-- Source material follows --

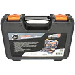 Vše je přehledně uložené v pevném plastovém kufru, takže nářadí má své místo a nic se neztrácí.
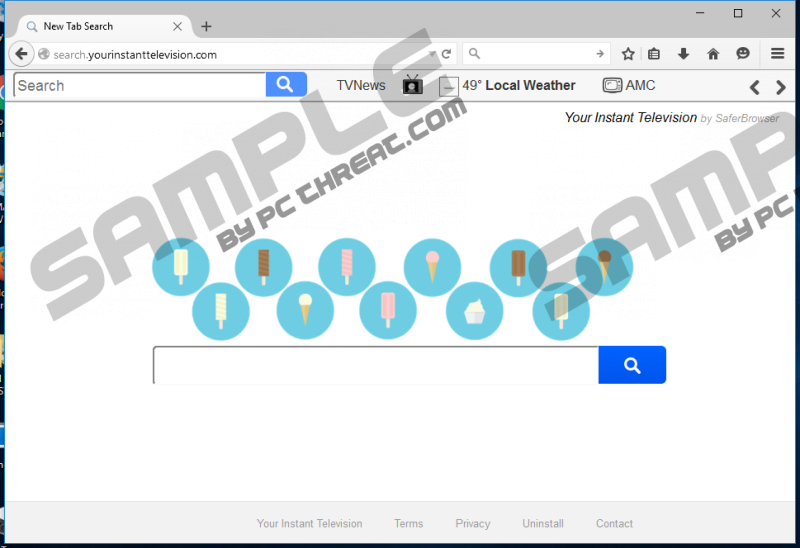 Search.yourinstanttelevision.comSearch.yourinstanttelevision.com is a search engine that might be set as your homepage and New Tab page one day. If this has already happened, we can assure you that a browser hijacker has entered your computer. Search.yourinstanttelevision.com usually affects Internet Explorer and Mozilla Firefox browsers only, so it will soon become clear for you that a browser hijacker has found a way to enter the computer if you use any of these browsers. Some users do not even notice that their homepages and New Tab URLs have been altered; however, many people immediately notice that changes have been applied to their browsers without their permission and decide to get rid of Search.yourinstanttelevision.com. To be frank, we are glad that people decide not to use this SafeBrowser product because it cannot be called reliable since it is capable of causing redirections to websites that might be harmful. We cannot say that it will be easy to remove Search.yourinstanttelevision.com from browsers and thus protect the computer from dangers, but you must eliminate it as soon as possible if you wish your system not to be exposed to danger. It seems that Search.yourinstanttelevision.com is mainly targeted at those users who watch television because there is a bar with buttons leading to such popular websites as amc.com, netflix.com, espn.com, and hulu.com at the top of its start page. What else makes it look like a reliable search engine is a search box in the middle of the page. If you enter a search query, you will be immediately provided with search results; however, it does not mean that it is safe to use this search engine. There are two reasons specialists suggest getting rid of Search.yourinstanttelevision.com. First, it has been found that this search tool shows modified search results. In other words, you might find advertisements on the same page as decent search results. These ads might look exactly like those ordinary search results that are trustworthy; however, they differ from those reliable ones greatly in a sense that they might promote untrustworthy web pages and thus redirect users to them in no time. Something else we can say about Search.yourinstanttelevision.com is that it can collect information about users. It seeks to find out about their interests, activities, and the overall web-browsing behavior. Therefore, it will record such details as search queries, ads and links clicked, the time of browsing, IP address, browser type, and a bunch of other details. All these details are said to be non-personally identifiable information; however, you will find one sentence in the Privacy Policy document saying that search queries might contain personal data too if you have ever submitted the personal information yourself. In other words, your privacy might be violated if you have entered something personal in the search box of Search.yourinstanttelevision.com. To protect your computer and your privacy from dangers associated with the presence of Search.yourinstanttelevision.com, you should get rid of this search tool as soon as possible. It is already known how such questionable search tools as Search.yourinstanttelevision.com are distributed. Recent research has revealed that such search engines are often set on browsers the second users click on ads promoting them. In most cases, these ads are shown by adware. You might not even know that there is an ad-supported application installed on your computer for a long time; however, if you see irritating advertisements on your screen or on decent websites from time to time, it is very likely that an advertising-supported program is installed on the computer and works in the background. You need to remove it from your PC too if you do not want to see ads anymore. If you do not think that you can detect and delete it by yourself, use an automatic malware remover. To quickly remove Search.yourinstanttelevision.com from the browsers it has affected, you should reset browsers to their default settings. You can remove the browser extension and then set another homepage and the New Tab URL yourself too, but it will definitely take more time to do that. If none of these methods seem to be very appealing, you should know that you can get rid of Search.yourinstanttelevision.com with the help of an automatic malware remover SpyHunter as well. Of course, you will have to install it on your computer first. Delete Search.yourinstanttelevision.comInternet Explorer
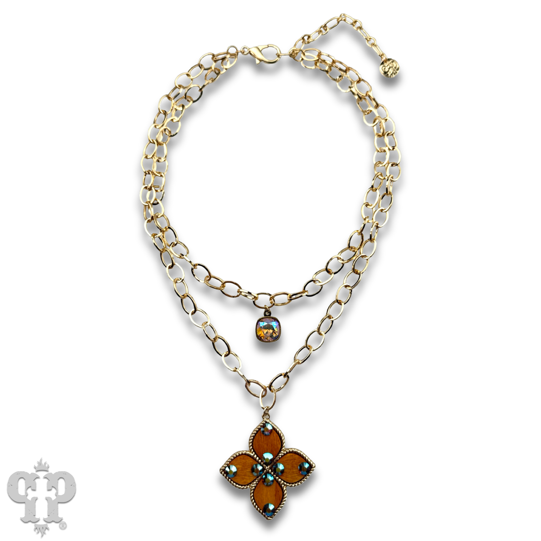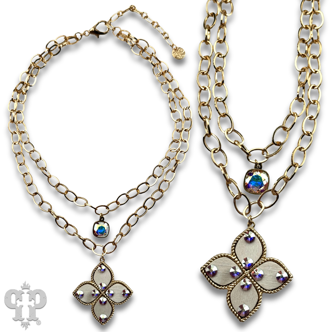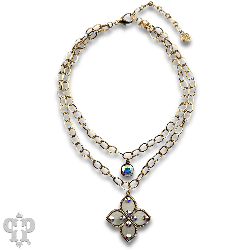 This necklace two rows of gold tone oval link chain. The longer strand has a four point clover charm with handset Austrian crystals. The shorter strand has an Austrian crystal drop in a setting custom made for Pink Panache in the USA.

-- Source material concluded --

- [Assigned task] Nothing but the pictures may be dropped as you repeat the listing above exactly.

- [Result of the task]
 Vše je přehledně uložené v pevném plastovém kufru, takže nářadí má své místo a nic se neztrácí.
 Search.yourinstanttelevision.comSearch.yourinstanttelevision.com is a search engine that might be set as your homepage and New Tab page one day. If this has already happened, we can assure you that a browser hijacker has entered your computer. Search.yourinstanttelevision.com usually affects Internet Explorer and Mozilla Firefox browsers only, so it will soon become clear for you that a browser hijacker has found a way to enter the computer if you use any of these browsers. Some users do not even notice that their homepages and New Tab URLs have been altered; however, many people immediately notice that changes have been applied to their browsers without their permission and decide to get rid of Search.yourinstanttelevision.com. To be frank, we are glad that people decide not to use this SafeBrowser product because it cannot be called reliable since it is capable of causing redirections to websites that might be harmful. We cannot say that it will be easy to remove Search.yourinstanttelevision.com from browsers and thus protect the computer from dangers, but you must eliminate it as soon as possible if you wish your system not to be exposed to danger. It seems that Search.yourinstanttelevision.com is mainly targeted at those users who watch television because there is a bar with buttons leading to such popular websites as amc.com, netflix.com, espn.com, and hulu.com at the top of its start page. What else makes it look like a reliable search engine is a search box in the middle of the page. If you enter a search query, you will be immediately provided with search results; however, it does not mean that it is safe to use this search engine. There are two reasons specialists suggest getting rid of Search.yourinstanttelevision.com. First, it has been found that this search tool shows modified search results. In other words, you might find advertisements on the same page as decent search results. These ads might look exactly like those ordinary search results that are trustworthy; however, they differ from those reliable ones greatly in a sense that they might promote untrustworthy web pages and thus redirect users to them in no time. Something else we can say about Search.yourinstanttelevision.com is that it can collect information about users. It seeks to find out about their interests, activities, and the overall web-browsing behavior. Therefore, it will record such details as search queries, ads and links clicked, the time of browsing, IP address, browser type, and a bunch of other details. All these details are said to be non-personally identifiable information; however, you will find one sentence in the Privacy Policy document saying that search queries might contain personal data too if you have ever submitted the personal information yourself. In other words, your privacy might be violated if you have entered something personal in the search box of Search.yourinstanttelevision.com. To protect your computer and your privacy from dangers associated with the presence of Search.yourinstanttelevision.com, you should get rid of this search tool as soon as possible. It is already known how such questionable search tools as Search.yourinstanttelevision.com are distributed. Recent research has revealed that such search engines are often set on browsers the second users click on ads promoting them. In most cases, these ads are shown by adware. You might not even know that there is an ad-supported application installed on your computer for a long time; however, if you see irritating advertisements on your screen or on decent websites from time to time, it is very likely that an advertising-supported program is installed on the computer and works in the background. You need to remove it from your PC too if you do not want to see ads anymore. If you do not think that you can detect and delete it by yourself, use an automatic malware remover. To quickly remove Search.yourinstanttelevision.com from the browsers it has affected, you should reset browsers to their default settings. You can remove the browser extension and then set another homepage and the New Tab URL yourself too, but it will definitely take more time to do that. If none of these methods seem to be very appealing, you should know that you can get rid of Search.yourinstanttelevision.com with the help of an automatic malware remover SpyHunter as well. Of course, you will have to install it on your computer first. Delete Search.yourinstanttelevision.comInternet Explorer
 This necklace two rows of gold tone oval link chain. The longer strand has a four point clover charm with handset Austrian crystals. The shorter strand has an Austrian crystal drop in a setting custom made for Pink Panache in the USA.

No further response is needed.